Industry: eCommerce, Retail
Client services: AI Product Development
Started in 2024
Location: United States
Team size: 4 members 
Duration: 6 months

About the client

A U.S.-based eCommerce platform in the outdoor/sporting-goods category.

The company helps consumers discover and purchase gear that fits their needs without spending hours scrolling through product catalogs.

Business challenges 

The client’s AI-powered catalog and conversation experience limited product discovery and conversion.

Pain points included:

  • Duplicate SKUs from color/size variants inflating catalog “noise”
  • Inconsistent vectorization across sources reducing semantic match accuracy
  • Weak categorization/labeling that constrained facet filtering and recommendations
  • Unclear scraping scope creating unstable upstream data
  • Limited dialog (few clarifying questions, flat result lists) that increased abandonment, and
  • Low explainability/determinism that eroded user trust in RAG-style answers

 

Goals set to Achievion

The engagement’s goal was to deliver explainable, high-relevance product recommendations through a conversational assistant that reasons over a clean, consistent catalog.

Success criteria:

  1. Consolidate variants to reduce duplication and sharpen embeddings
  2. Standardize attributes and categories to enable meaningful filters and comparisons
  3. Improve retrieval quality and dialog flow so users get to a confident choice faster
  4. Lay a scalable foundation that can support growth and potential white-label deployment without re-architecture

The north star was a shopping experience that feels guided, transparent, and predictable – where users understand why an item is recommended and can easily refine the path to purchase.

Solution 

We designed a normalization pipeline that consolidates product variants (e.g., color/size) under a canonical item, reducing duplication and clarifying attribution. This improves embedding quality by focusing signals on the product, not fragmenting them across near-identical entries. A consistent attribute schema (categories → subcategories → features) increases the precision of both retrieval and filtering.
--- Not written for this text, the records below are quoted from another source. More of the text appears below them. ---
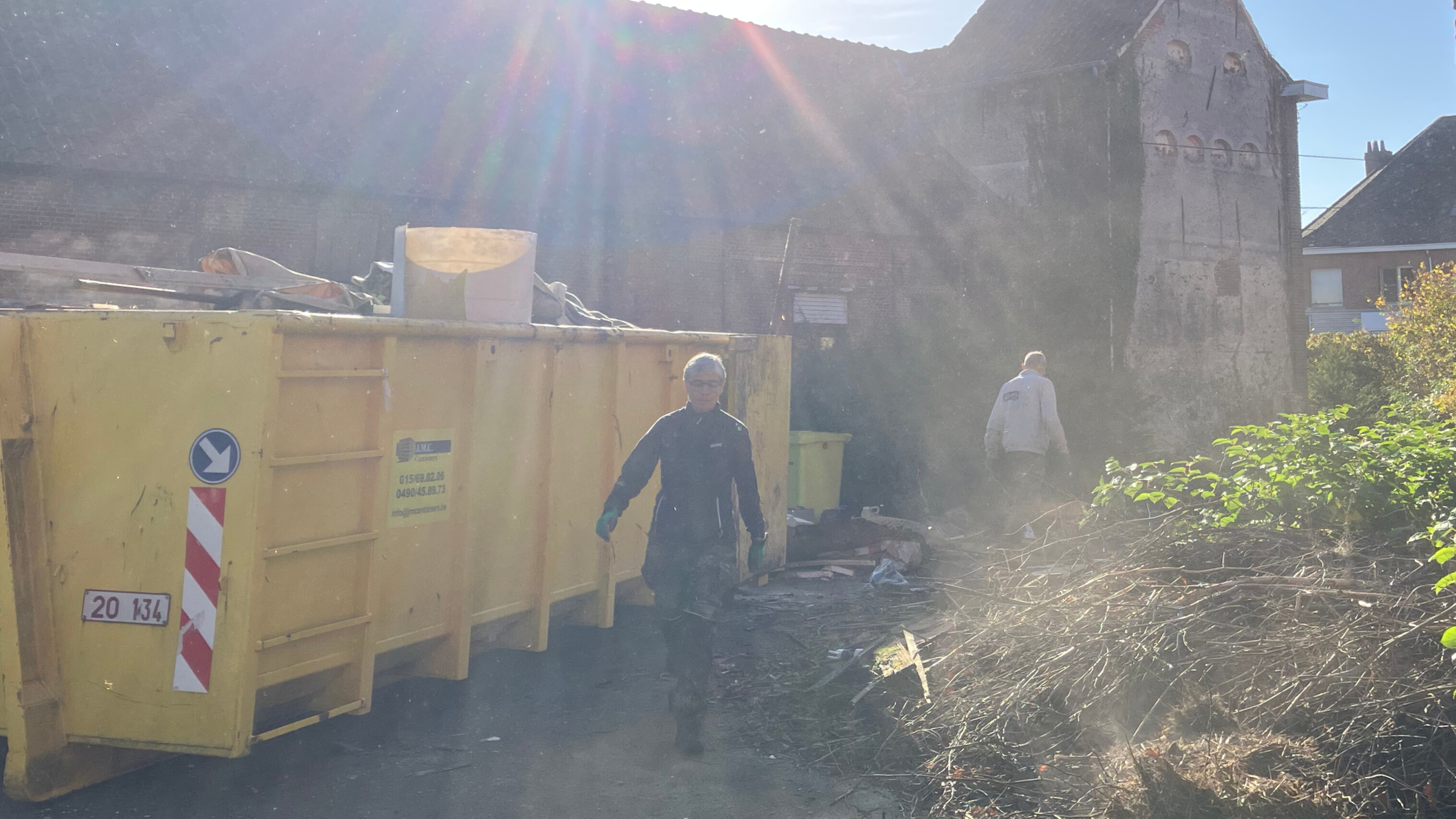 Voor de tweede keer vullen we met een hele groep Landgenoten een gele container met oud isolatiemateriaal, houten wanden, overgebleven spullen, ... Buiten gaat een team de Japanse Duizendkoop te lijf.
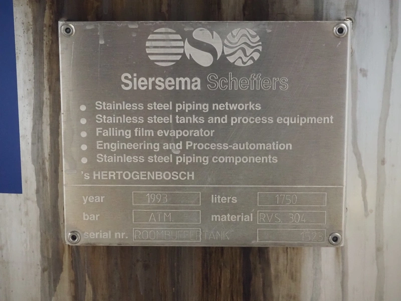 Siersema Scheffers s/s tank with agitator, type: ROOMBUFFERTANK, serial number: 1523, year of construction: 1993, capacity: 1750 litres, dimensions: 1400 mm x 1400 mm x 2700 mm.
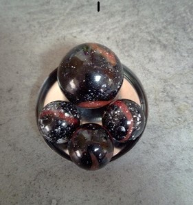 20 Murmeln mit 16 mm Durchmesser, 1 Murmel mit 25 mm Durchmesser als Set.
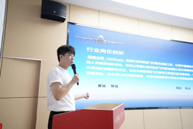讲座伊始,四川朝东航空负责人张总监从行业发展现状入手,详细解析了城市轨道航空行业的就业前景和人才需求趋势。行业对高素质、专业化的服务管理人才需求持续增长,张总监表示:“我们与成都万通的校企合作,就是要让学生们在校期间就能了解行业标准,掌握岗位技能,实现从校园到职场的无缝衔接。”
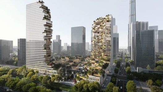 Данный объект будет состоять из двух 40-этажных небоскребов, высота каждого из которых достигнет 150 метров. Здесь предусмотрено много деревьев и других живых растений, которые появятся не только внизу, но и на террасах жилых уровней, обеспечивая защиту помещений от прямых солнечных лучей и посторонних взглядов.
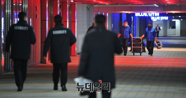 신종 코로나 바이러스 감염증 23번째 확진자가 나온 6일 오후 19번째 확진자가 거주한 것으로 알려진 서울 송파구의 한 아파트 단지에서 관리자들이 폐기물을 처리하고 있다.

To raise recommendation confidence, we combined accurate vector search with a deterministic query-builder path for scenarios that require traceability (e.g., strict attribute filters, exclusions, inventory constraints). The assistant can favor semantic retrieval for discovery and pivot to rule/SQL filtering when users need precise control – maintaining performance and transparency in both modes.

We also reworked the conversational flow to elicit clarifying preferences (intended use, conditions, fit, budget) early, then present results in cluster-aware groupings (e.g., “lightweight daypacks,” “ultra-durable expedition packs”) with short rationales (“recommended for X terrain; weight ≤ Y; fits torso length Z”). This turns a flat list into explainable sets, helping users understand trade-offs and refine quickly.
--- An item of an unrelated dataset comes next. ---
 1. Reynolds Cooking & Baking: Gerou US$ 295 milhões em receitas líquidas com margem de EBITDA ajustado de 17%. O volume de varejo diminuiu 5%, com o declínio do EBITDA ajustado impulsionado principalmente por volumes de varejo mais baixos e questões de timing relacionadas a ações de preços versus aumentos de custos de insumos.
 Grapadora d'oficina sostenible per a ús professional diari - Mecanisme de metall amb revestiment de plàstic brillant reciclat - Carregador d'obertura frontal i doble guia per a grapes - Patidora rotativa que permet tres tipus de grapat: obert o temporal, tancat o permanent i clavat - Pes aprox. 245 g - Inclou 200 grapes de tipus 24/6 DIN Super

Trace logs, retrieval/ranking telemetry, and conversation analytics enable continuous tuning of prompts, filters, and vectors. Explanations are generated in plain language and tied to visible attributes so recommendations are auditable. The system’s componentized services (catalog integration, scraping, dialog manager, retrieval/rules engine) support iterative changes without destabilizing the whole stack.

Business outcome

The upgraded assistant delivers a cleaner, more trustworthy discovery experience, translating into faster decisions and higher session completion. Users see duplicate-free, well-explained recommendations that match their intent, reducing choice overload and improving confidence at the moment of selection. Clarifying prompts and cluster-based presentation help shoppers converge on the right product without back-and-forth searching, shortening the path from browse to buy.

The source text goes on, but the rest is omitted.